When a certain figure is recorded as the lowest price of the stock or bond over the past one year, that is 52 weeks, it is known as the 52 week low. This 52 week low is one of the important parameters which is looked at by the investors before investing in that particular stock.

What is the formula for 52 week high? ›

Stockopedia explains Price vs 52w High

The formula is : Current Price - 52 week High / 52 Week High. To screen for companies that are within 10% of their 52wk high, the criteria would be Price vs. 52 Week High is greater than -10 (i.e. greater / less negative than -10%).

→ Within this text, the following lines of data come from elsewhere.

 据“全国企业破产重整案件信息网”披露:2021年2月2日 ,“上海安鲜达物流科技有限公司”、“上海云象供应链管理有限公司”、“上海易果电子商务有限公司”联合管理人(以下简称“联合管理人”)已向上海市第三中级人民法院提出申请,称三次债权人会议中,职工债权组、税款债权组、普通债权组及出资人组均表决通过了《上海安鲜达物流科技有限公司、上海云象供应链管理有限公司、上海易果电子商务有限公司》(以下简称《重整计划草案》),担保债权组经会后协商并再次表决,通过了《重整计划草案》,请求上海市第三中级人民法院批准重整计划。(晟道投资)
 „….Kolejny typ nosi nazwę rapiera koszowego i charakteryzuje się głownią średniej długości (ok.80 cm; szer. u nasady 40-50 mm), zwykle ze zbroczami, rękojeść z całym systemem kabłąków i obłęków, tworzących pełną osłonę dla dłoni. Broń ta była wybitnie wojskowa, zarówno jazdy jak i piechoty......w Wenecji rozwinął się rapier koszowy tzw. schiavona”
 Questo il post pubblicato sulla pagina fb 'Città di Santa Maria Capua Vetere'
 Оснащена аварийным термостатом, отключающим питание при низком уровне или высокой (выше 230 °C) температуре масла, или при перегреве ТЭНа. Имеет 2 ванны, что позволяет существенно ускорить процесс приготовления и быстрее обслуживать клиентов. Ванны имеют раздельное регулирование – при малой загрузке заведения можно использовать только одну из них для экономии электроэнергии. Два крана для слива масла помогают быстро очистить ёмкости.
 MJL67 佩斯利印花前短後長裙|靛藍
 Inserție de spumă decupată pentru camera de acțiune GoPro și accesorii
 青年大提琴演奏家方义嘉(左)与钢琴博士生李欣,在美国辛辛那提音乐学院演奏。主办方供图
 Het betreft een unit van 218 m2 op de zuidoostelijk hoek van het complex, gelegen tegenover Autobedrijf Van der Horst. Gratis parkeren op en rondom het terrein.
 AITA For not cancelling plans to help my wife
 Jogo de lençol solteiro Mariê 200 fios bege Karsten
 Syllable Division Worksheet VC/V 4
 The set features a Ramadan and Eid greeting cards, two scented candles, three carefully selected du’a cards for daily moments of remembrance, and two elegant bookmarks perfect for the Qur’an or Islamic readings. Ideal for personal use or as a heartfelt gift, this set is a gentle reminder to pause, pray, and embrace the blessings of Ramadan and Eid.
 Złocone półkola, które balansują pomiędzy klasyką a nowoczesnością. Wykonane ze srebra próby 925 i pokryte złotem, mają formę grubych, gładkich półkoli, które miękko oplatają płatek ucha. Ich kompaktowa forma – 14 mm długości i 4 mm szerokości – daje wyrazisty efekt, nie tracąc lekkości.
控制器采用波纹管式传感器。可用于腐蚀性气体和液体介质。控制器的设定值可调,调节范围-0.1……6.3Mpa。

How do you calculate the 52 week high low? ›

An Example. For example, consider a stock that in the last year traded as high as $12.50, as low as $7.50, and is currently trading at $10. This means the stock is trading 20% below its 52-week high (1 – (10/12.50) = 0.20 or 20%) and 33% above its 52-week low ((10/7.50) - 1 = 0.33 or 33%).

How to read 52 week range? ›

52-week range: Indicates the highest and lowest price a stock traded in the last year (52 weeks). One-year highs and lows are typically considered "critical" levels, especially when a stock trades above its one-year high (possibly a bullish signal) or below its one-year low (possibly a bearish signal).

What happens when a stock reaches its 52 week low? ›

When a stock hits its 52-week low, traders tend to sell these stocks. 52-week lows are used to apply trading strategies. For example, a NIFTY 52 week low can be used to find an exit point for that NIFTY stock. A trader is most likely to sell a stock when its price exceeds the 52-week low mark.